Menurutnya, pembiaran terhadap puluhan perwira polisi aktif yang menjabat di kementerian dan lembaga sipil secara nyata bertentangan dengan UU Kepolisian. Bahkan, surat telegram Kapolri yang mengatur penempatan itu dianggap sebagai sinyal yang memperlihatkan makin kaburnya batas antara ranah keamanan dan birokrasi sipil.

Lebih jauh, Prof. Yuddy memaparkan bahwa semangat reformasi internal ABRI pada 1998—yang memisahkan TNI dan Polri, serta menarik militer dari panggung politik praktis—seharusnya menjadi fondasi tak terganggu oleh kepentingan sesaat.

“Pemerintah dan DPR seharusnya fokus memperkuat supremasi sipil, bukan malah melegalisasi praktik-praktik yang justru membawa kita mundur ke masa kelam,” ujar mantan Menteri PAN-RB ini.

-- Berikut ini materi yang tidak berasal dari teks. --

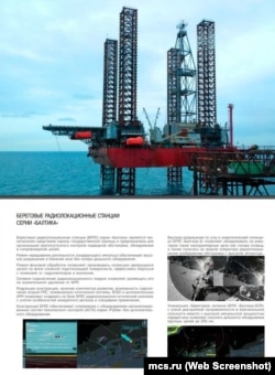 Симок "Невы-БС" на буровой установке в каталоге не подписан, по характерным деталям можно определить, что на нем изображена одна из "старых" СПБУ "Черноморнефтегаза" – "Таврида" или "Сиваш" (всего у "Черноморнефтегаза" 4 самоподъемных буровых установки, две новые "вышки Бойко" и две старые, "Сиваш" 1979 года постройки и "Таврида" 1995 года). Среди клиентов "МКиС", упомянутых в каталоге, есть ФСБ РФ, "Росатом", "Русгидро", Минтранс, на сайте госзакупок можно найти контракты "МКиС" с Федеральной службой охраны, но "Черноморнефтегаз" – единственный клиент этой компании, ведущий морскую нефтегазодобычу. Это косвенно свидетельствует о том, что установка РЛС на морских объектах в Черном мотивирована не производственной необходимостью, а интересами военных или спецслужб.

Dalam paparannya, ia mengingatkan bahwa supremasi sipil bukan sekadar slogan, melainkan prinsip utama negara demokrasi yang menjamin keseimbangan antara kekuasaan dan partisipasi rakyat. Contoh-contoh negara seperti Belanda, Jepang, Georgia, hingga Singapura ia angkat sebagai cermin keberhasilan tata kelola kepolisian yang bersih, transparan, dan profesional.

Prof. Yuddy pun menyayangkan rendahnya skor indeks kepercayaan publik terhadap Kepolisian RI yang bahkan tertinggal dari Vietnam dan Malaysia. Ia menegaskan bahwa reformasi Polri harus menjadi prioritas nasional, bukan revisi UU yang justru memperlebar ruang intervensi politik dalam tubuh kepolisian.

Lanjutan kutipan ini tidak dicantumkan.